Curr. Oncol. 2024, 31(8), 4559-4567; https://doi.org/10.3390/curroncol31080340
Submission received: 19 July 2024
/
Revised: 7 August 2024
/
Accepted: 9 August 2024
/
Published: 9 August 2024
Abstract
:Background: Differences in radiation-induced lymphopenia and prognosis between methods of radiotherapy (RT) for brain metastases remain unclear. Methods: In this retrospective analysis of patients who underwent whole-brain radiotherapy (WBRT) or stereotactic radiosurgery/radiotherapy (SRS/SRT) for brain metastases, baseline total lymphocyte count (TLC) data were obtained within 2 weeks before RT initiation. Follow-up TLC data were evaluated at 0–2, 2–4, and 4–8 weeks after RT completion. Persistent lymphopenia was defined as <800/μL at any time point. Results: Overall, 138 RT courses in 128 patients were eligible (94 WBRT; 44 SRS/SRT). In the WBRT courses, the median baseline TLC was 1325/μL (IQR: 923–1799). Follow-up TLC decreased significantly to 946/μL (626–1316), 992/μL (675–1291), and 1075/μL (762–1435) (p < 0.001). SRS/SRT courses showed no significant TLC decrease. Multivariate analysis revealed female sex, prior RT, baseline TLC < 800/μL, and WBRT use were significantly associated with persistent lymphopenia. In the WBRT group, overall survival was significantly different between those with and without persistent lymphopenia (median, 2.6 and 6.1 months; p < 0.001). However, there was no significant difference in survival in the SRS/SRT group (p = 0.60). Conclusion: This study suggests SRS/SRT might be preferable for lymphocyte preservation in brain metastasis patients.
1. Introduction
Approximately 20–40% of patients with cancer develop brain metastases [1]. As the overall survival (OS) of patients with cancer increases with the development of treatments for malignant tumors and diagnostic techniques, such as MRI, for detecting small lesions, the number of patients with brain metastases is expected to increase. Metastatic brain tumors, depending on their location, can lead to paralysis and consciousness disorders, affecting survival and quality of life. Radiotherapy (RT) is crucial in the treatment of metastatic brain tumors, either alone or in combination with surgery or systemic therapy [2].

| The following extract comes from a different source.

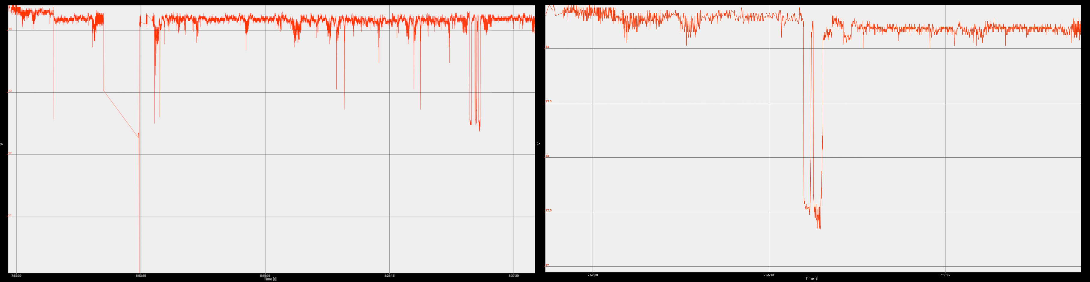 Voltage charts from the generator before and after the tensioner replacement show dips below 13V due to engine stops.

There are two major methods of RT for metastatic brain tumors: stereotactic radiosurgery (SRS) or stereotactic radiotherapy (SRT) and whole-brain radiotherapy (WBRT). SRS/SRT irradiates only visible tumors and provides a high degree of local control and preservation of normal organs. It is used for a small number of lesions, with up to 10 being irradiated [3]. However, when there are >10 lesions or cases of leptomeningeal metastasis, WBRT is performed. WBRT is typically conducted using conventional irradiation methods with two opposing beams. Although the WBRT method is simple and easy to perform for patients in poor health, it can cause adverse events, including dermatitis, alopecia, dry mouth, otitis media, and impaired cognitive function.
Total lymphocyte count (TLC) serves as a prognostic biomarker for patients with cancer. Higher peripheral TLC in breast cancer and recurrent esophageal cancer is associated with lower mortality [4,5,6,7]. Conversely, lymphopenia is associated with poor OS in patients with cancer [5]. RT causes lymphopenia because of the high radiosensitivity of lymphocytes. According to a systematic review and meta-analysis of patients with solid tumors treated with radiotherapy, radiation-induced lymphopenia is associated with OS [8]. Regarding WBRT for metastatic brain tumors from small-cell lung cancer, treatment-related lymphopenia is associated with prognosis [9]. However, the association between radiation-induced lymphopenia and OS in patients undergoing RT, including WBRT and SRS/SRT for metastatic brain tumors, remains unclear.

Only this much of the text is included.